» **Prompt**
Below is a listing; retype exactly the lines between the one containing "ふわっと立ち上がるネックライ" and the one containing "Adorable blue kids", inclusive, minus the pictures.

» **Data supplied**
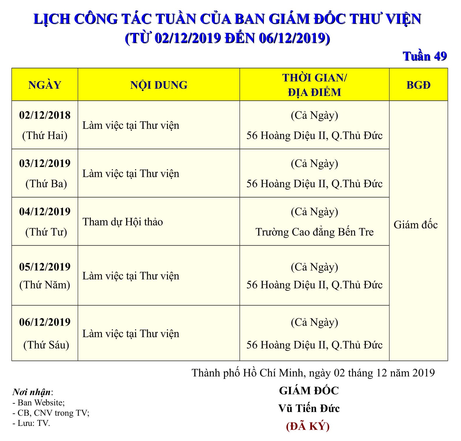 Lịch công tác tuần 49 của Ban Giám đốc Thư viện (từ 02/12/2019 đến 06/12/2019)
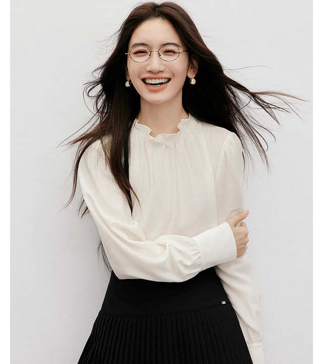 ふわっと立ち上がるネックラインと、袖口のギャザーがポイントのクラシカルな一着。甘すぎず洗練された雰囲気で、ジャケットインにもおすすめ。スカートで合わせて上品にまとめてみましょう。
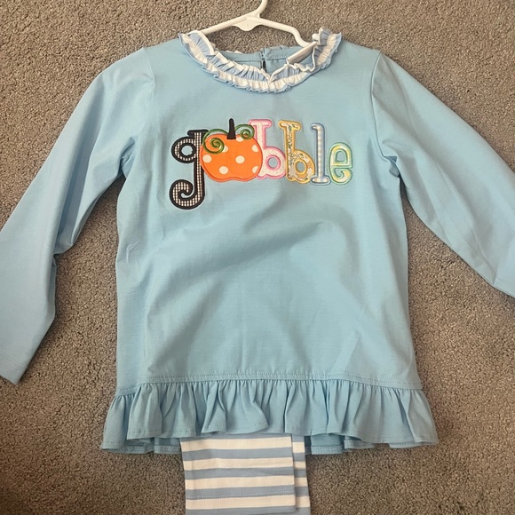 Adorable blue kids matching set featuring a playful 'gobble' design. Perfect for festive occasions. Soft and comfortable for all-day wear.
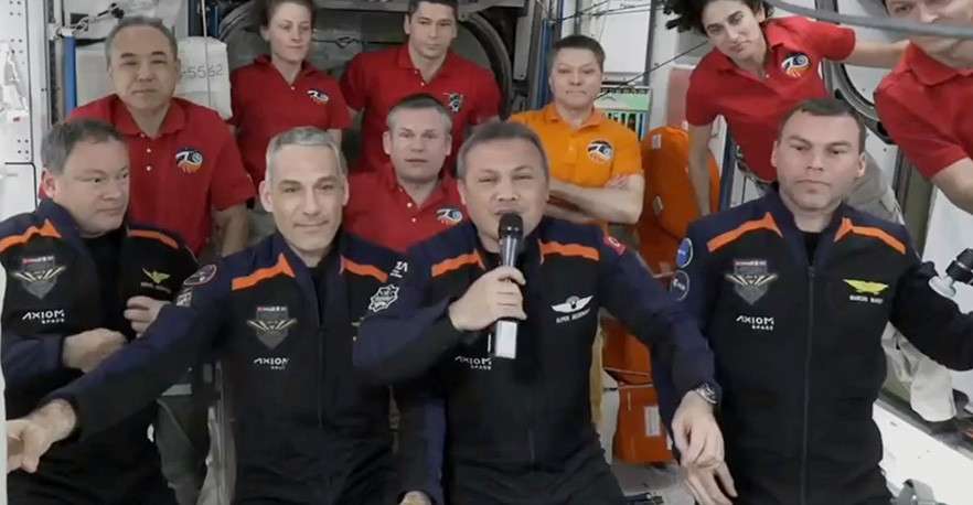 Alper Gezeravcı, ISS'e adım atarak Türkiye'nin gururunu taçlandırdı. Uzay istasyonunda düzenlenen karşılama töreninde konuşan Gezeravcı, "Türkiye Cumhuriyeti'ni kurarak bizlere emanet eden Gazi Mustafa Kemal Atatürk ve silah arkadaşlarına, bu vatan için canlarını veren tüm şehitlerimize, buraya adım atmamızı sağlayan devletimize ve bu imkanları bize sunan milletimize şükranlarımı sunuyorum. İstikbal göklerdedir" dedi.
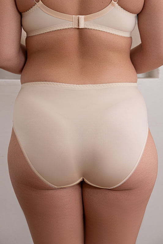 Комфортные трусы с высокой линией талии - 2937, Бежевые с темным кружевом, 40-52
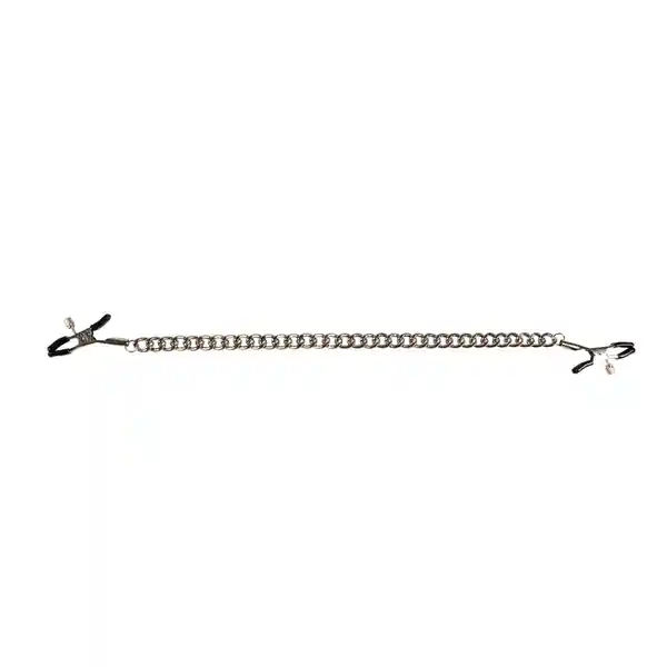 Cadena Con Pinzas Para Los Pezones. Características: Material: Metal Color: Gris y Negro Peso: 188 g Ancho Máximo de la Esposa: 10 cm Largo Total: 15 cm Diámetro: 6 cm Cuidado y Limpieza: Jabón Suave o Limpiador de Juguetes. Confidencialidad: Tus Pedidos se Envían en Una Caja o Sobre Totalmente Sellado y Opaco Sin Ningún Tipo de Marcas Externas. Para Nosotros es Muy Importante tu Privacidad.
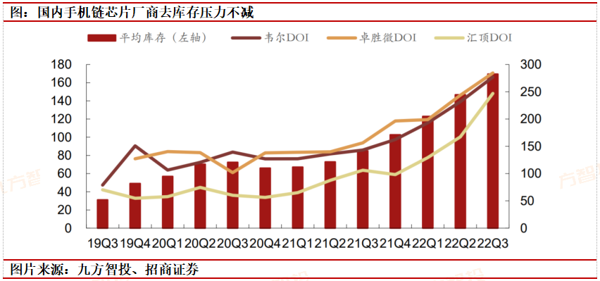 国内手机链芯片厂商去库存压力不减:韦尔股份、卓胜微和汇顶科技三家公司的库存水平从21Q1开始至今逐季提升,整体库存水位不断创造季度历史新高,库存周转天数也远超近三年平均水平,22Q3韦尔股份、卓胜微和汇顶科技的库存周转天数已经分别达到277、284、247天,远超全球手机链芯片大厂113天的平均水平。
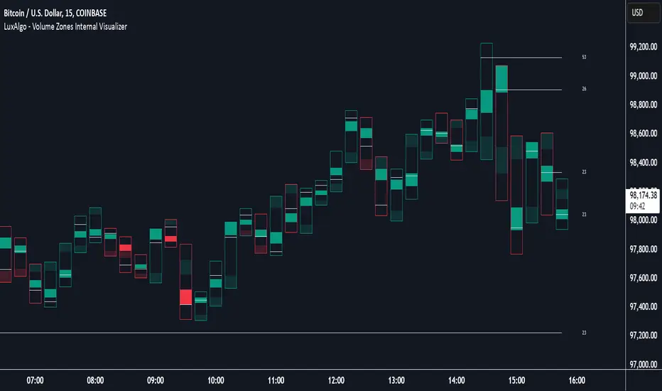 The Volume Zones Internal Visualizer is an alternate candle type intended to reveal lower timeframe volume activity while on a higher timeframe chart.
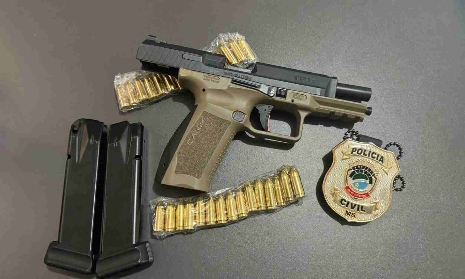 Durante o atendimento da ocorrência, os policiais civis perceberam que o motociclista estava armado com uma pistola Canic, 9 milímetros, de origem Turca .
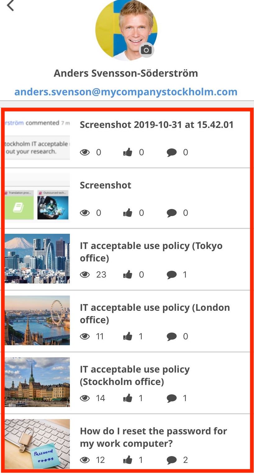 You can view a list of content you have posted on Fuse, such as questions, articles, files, and links.

» **Answer space**
 ふわっと立ち上がるネックラインと、袖口のギャザーがポイントのクラシカルな一着。甘すぎず洗練された雰囲気で、ジャケットインにもおすすめ。スカートで合わせて上品にまとめてみましょう。
 Adorable blue kids matching set featuring a playful 'gobble' design. Perfect for festive occasions. Soft and comfortable for all-day wear.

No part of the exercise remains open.